Perhaps, however, the most important structural finding from this investigation is one which is of deeper significance, relates to attitudinal responses and which has only been addressed superficially in discussions of really responsive approaches to date. Attitudinal approaches of professional practitioners presents serious ethical challenges to the individual. Impartiality forms the cornerstone of the RTPI Professional Code of Conduct [49] and while practitioners are bound to discharge their duty to their employers with due care and diligence, they must remain cognisant of their overarching duty to the public interest. As such they must take a utilitarian stance and not be influenced by personal like or dislike for perceived offenders but focussed upon an outcome for the common good. Similarly, they must be prepared to speak fearlessly in the face of adversity albeit when it means dissenting from the desires of those in higher positions of power, risking consequences which may ultimately be detrimental to their career progression. In this context, external policing of misconduct is procedurally impossible, but cognisance that such behaviour is unacceptable is imperative. Worryingly, a number of respondents stated that they prefer to remain silent rather than express their discontent with an enforcement decision by superiors. Planners must be prepared to “speak truth to power” or inevitably the discipline will be faced with a crisis of both truth and trust which will undermine the legitimacy of the entire planning profession.
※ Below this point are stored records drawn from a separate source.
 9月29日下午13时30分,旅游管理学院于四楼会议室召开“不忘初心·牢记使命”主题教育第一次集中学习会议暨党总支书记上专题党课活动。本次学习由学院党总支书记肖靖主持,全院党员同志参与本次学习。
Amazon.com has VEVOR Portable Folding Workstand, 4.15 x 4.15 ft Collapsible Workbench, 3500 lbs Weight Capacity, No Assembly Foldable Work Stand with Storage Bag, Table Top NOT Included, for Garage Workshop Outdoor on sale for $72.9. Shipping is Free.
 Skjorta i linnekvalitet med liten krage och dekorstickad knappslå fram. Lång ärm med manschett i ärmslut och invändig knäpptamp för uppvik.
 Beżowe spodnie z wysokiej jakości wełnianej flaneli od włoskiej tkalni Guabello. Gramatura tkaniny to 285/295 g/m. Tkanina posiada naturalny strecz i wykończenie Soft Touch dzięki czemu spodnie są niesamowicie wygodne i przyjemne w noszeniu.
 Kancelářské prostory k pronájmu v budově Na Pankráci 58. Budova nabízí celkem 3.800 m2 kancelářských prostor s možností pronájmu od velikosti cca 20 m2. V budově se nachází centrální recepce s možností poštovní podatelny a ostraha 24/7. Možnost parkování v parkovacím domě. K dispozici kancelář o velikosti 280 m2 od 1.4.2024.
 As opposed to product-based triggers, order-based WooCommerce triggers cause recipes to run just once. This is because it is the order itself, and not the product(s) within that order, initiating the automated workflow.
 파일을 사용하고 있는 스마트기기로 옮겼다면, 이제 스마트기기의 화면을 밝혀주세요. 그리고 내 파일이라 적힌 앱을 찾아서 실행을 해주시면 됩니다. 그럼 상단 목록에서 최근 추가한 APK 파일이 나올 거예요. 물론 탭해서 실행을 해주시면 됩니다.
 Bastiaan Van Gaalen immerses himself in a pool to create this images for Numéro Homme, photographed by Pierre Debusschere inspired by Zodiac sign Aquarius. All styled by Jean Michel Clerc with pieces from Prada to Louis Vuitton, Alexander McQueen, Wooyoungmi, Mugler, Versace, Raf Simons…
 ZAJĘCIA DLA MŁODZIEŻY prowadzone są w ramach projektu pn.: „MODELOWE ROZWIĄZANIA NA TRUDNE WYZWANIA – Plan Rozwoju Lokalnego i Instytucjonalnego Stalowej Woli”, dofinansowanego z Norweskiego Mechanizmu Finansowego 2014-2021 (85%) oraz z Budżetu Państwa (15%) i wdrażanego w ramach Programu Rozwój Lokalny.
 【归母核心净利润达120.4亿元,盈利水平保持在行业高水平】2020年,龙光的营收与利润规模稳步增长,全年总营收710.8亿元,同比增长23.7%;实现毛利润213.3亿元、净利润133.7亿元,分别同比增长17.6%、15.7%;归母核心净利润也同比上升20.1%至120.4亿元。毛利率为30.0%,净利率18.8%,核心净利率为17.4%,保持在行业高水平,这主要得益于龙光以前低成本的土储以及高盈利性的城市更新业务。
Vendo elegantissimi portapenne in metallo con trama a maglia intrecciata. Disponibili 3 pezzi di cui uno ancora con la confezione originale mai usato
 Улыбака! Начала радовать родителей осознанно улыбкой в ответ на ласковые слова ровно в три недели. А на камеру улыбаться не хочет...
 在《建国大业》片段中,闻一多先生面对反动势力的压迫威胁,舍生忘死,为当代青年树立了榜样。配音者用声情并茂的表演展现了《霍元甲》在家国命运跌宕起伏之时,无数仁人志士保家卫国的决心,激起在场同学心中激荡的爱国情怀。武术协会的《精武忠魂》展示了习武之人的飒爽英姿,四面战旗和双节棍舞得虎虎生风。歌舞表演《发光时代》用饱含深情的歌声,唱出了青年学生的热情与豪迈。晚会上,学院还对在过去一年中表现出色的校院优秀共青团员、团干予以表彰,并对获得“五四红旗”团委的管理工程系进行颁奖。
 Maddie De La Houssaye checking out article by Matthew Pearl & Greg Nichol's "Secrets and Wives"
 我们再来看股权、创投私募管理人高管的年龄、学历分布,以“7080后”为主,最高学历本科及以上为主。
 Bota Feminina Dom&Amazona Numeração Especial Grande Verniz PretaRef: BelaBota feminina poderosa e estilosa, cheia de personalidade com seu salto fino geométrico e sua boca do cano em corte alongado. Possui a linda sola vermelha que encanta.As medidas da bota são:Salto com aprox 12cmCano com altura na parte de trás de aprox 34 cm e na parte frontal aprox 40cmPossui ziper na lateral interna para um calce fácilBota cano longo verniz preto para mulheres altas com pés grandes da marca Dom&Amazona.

In conclusion, whilst it is clear that there is much to learn in terms of operational practice for built heritage protection, useful lessons can be learnt which are of relevance not only to planning enforcement but the wider regulatory arena, particularly with regard to how really responsive approaches can foster the development of new instruments in the form of legislative toolkits, technologically driven risk-based monitoring and collaborative approaches underpinned by transparency, consistency, and proportionality. At a more substantive level, it is clear that theory informs practice. It enables decision makers to divorce themselves from micromanagement and view institutional and operational frameworks in their entirety. Whilst the enforcement equation remains complex, recognition of the need for synergy between normative modelling and instrumentalism is imperative. Theory and practice are inextricably linked and it is only though recognition of the need to develop this dynamic that our rudimentary knowledge of planning enforcement dynamics will begin to grow.